= Billie Barlow =

English music hall performer

Billie Barlow in an 1888 advertisement for Our Knocker cigars

Billie Barlow (28 July 1862 – 11 February 1937; born Anna Maria Barlow) was an English music hall performer, actress and singer of the Victorian era.
== Personal life ==
Barlow was born in Bayswater, London, on 28 July 1862. She married E. M. Stuart. She died in 1937 aged 72.

== Career ==
Barlow made her stage début in an 1878 performance of the Gilbert and Sullivan comic opera H.M.S. Pinafore with the D'Oyly Carte Opera Company. She later made her New York début the next year with the same company as Isabel at the New York premiere of The Pirates of Penzance, also by Gilbert and Sullivan. At Gilbert's suggestion she changed her stage name to Billie. She remained with D'Oyly Carte until 1883, appearing in Patience in London, and then in New York Procida Bucalossi's Les Manteaux Noirs as Gomez, Planquette's Rip Van Winkle in small roles, and Iolanthe as Fleta. Over the next three years, she toured tour with E. E. Rice's company, followed by the McCaull Comic Opera Company, and then was in New York in an adaptation of Offenbach's Orpheus in the Underworld, titled Orpheus and Eurydice, at the Bijou Opera House and then in several operas at the Casino Theatre.

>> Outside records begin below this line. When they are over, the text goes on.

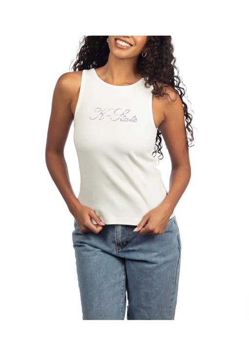 Elevate your tailgating style with this K-State Wildcats Womens Tank Top. Stay fashionable and comfortable in the refreshing White Classic Sleeveless Shirt. Discover the enticing details of this K-State Wildcats Tank Top, showcasing a rhinestone team name on center chest that's sure to impress.
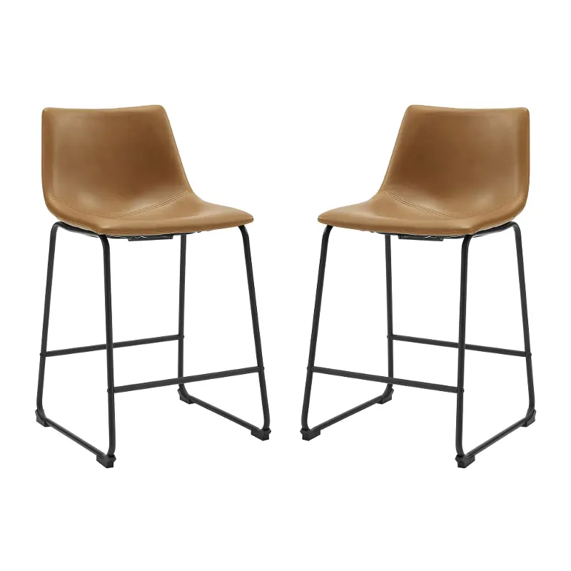 They will be the perfect addition to your eating space as they work great for everyday use. The synthetic leather is soft to the touch, while the curved seating provides comfort. Supported with powder-coated steel legs for a durable, long lasting design, these counter stools look best in an urban industrial styled space but also coordinate well with many other popular interior styles.
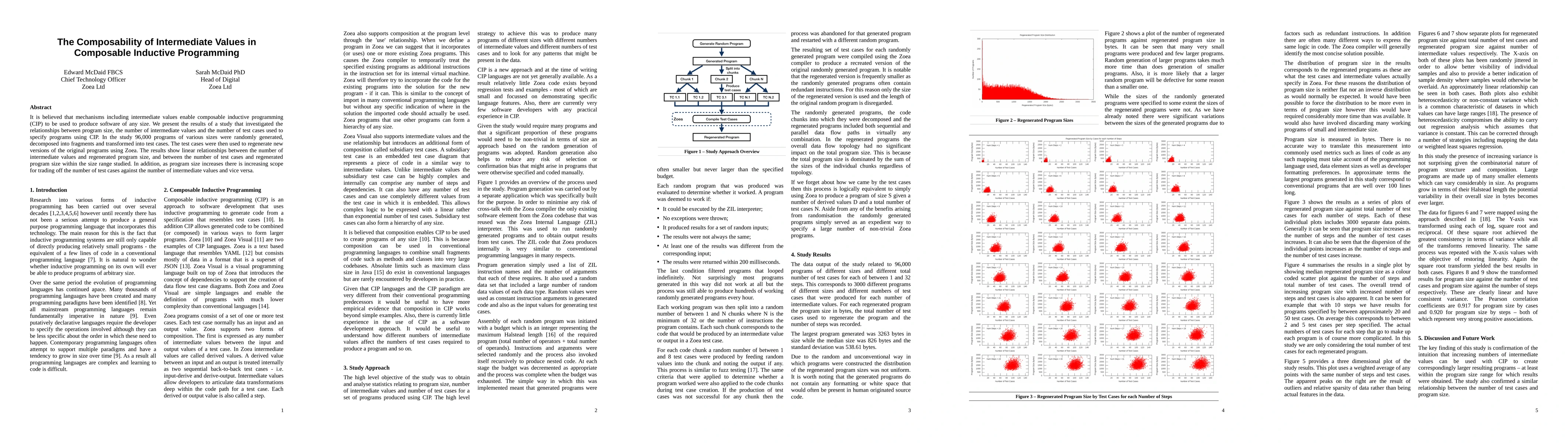 It is believed that mechanisms including intermediate values enable composable inductive programming (CIP) to be used to produce software of any size. We present the results of a study that investigated the relationships between program size, the number of intermediate values and the number of test cases used to specify programs using CIP. In the study 96,000 programs of various sizes were randomly generated, decomposed into fragments and transformed into test cases. The test cases were then used to regenerate new versions of the original programs using Zoea. The results show linear relationships between the number of intermediate values and regenerated program size, and between the number of test cases and regenerated program size within the size range studied. In addition, as program size increases there is increasing scope for trading off the number of test cases against the number of intermediate values and vice versa.
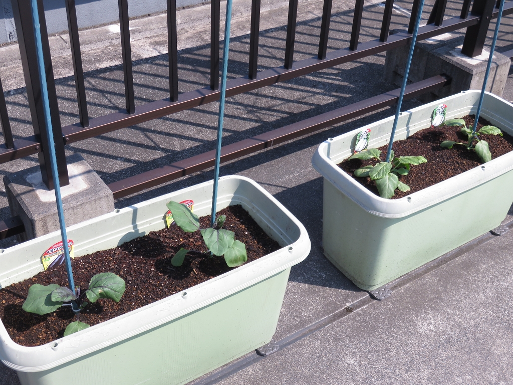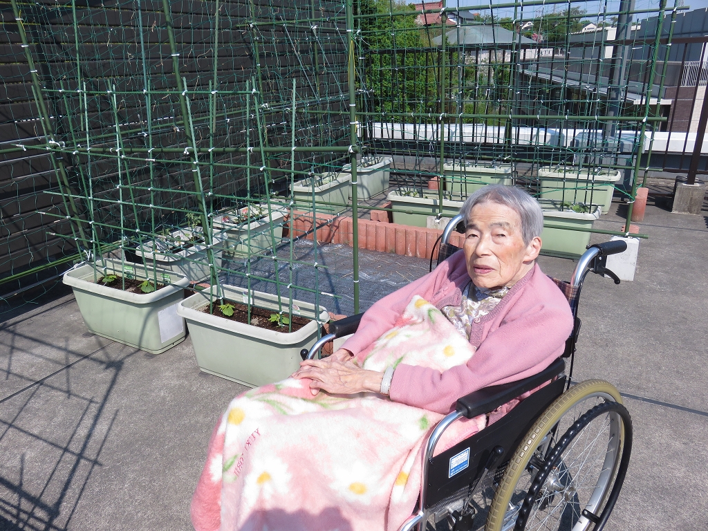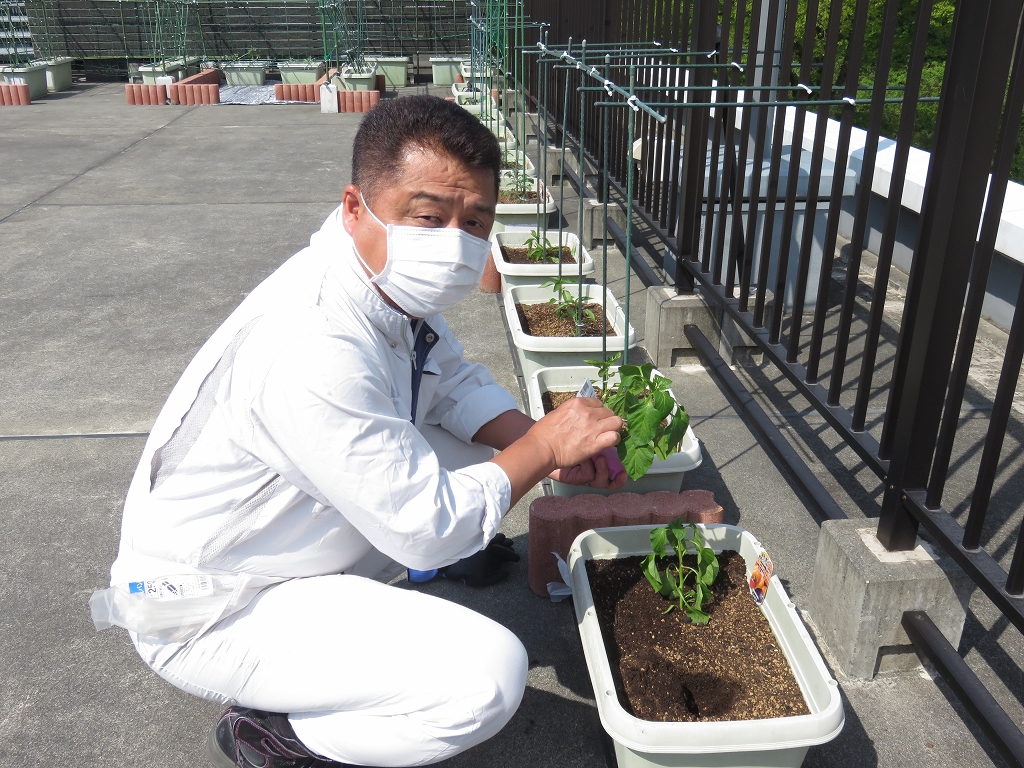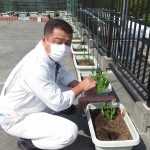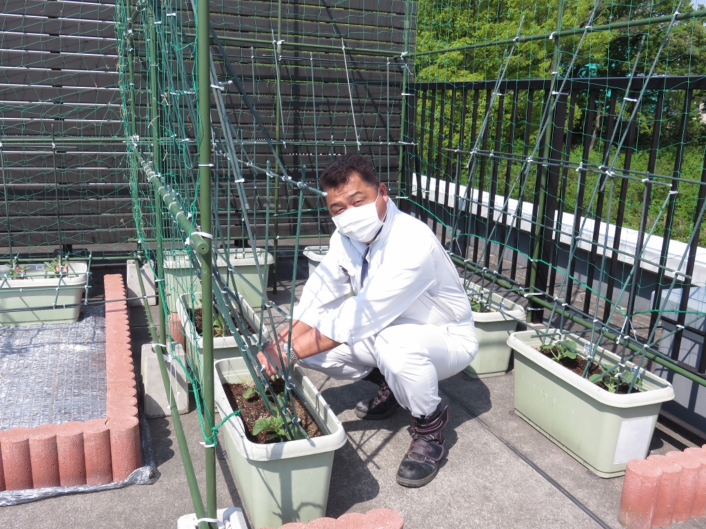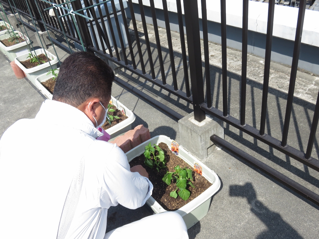 施設のテラスを使用して青木施設長がプランターで農園を作り、たくさんの野菜の苗を植えました。
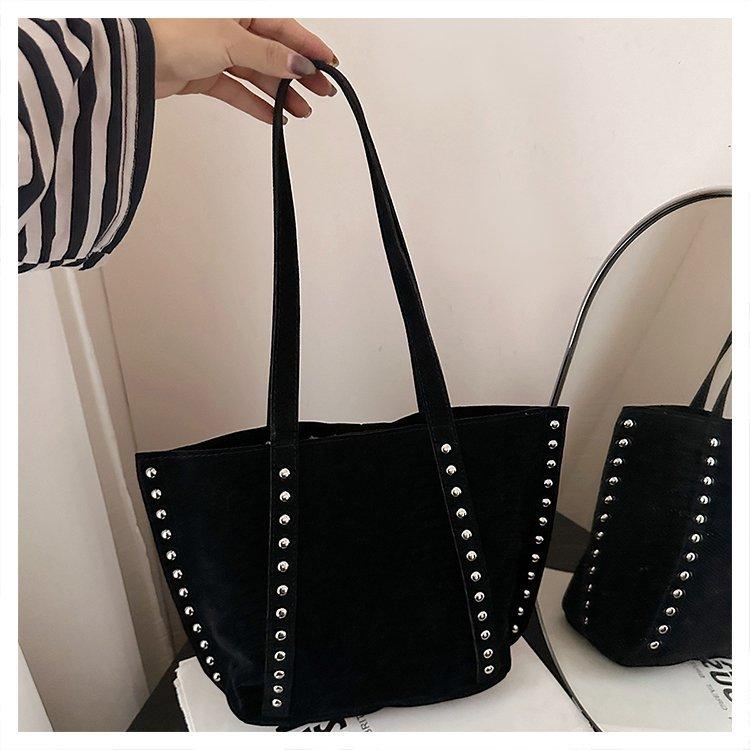 2025 ny høst- og vintermote semsket skinn tote bag high-end avslappet nisje skulderveske kvinners stor veske Svart

Back in London in 1886, she made her first appearance at the Gaiety Theatre in London in 1886, in Monte Cristo Jr., as Carconte and later Edmond Dantes. She then toured in Little Jack Sheppard, in the title role. She first performed in music hall, beginning at the Metropolitan Theatre in 1888. Barlow continued performing musical theatre, pantomime and variety in London as well in the English provinces, Australia and South Africa, into the 1920s.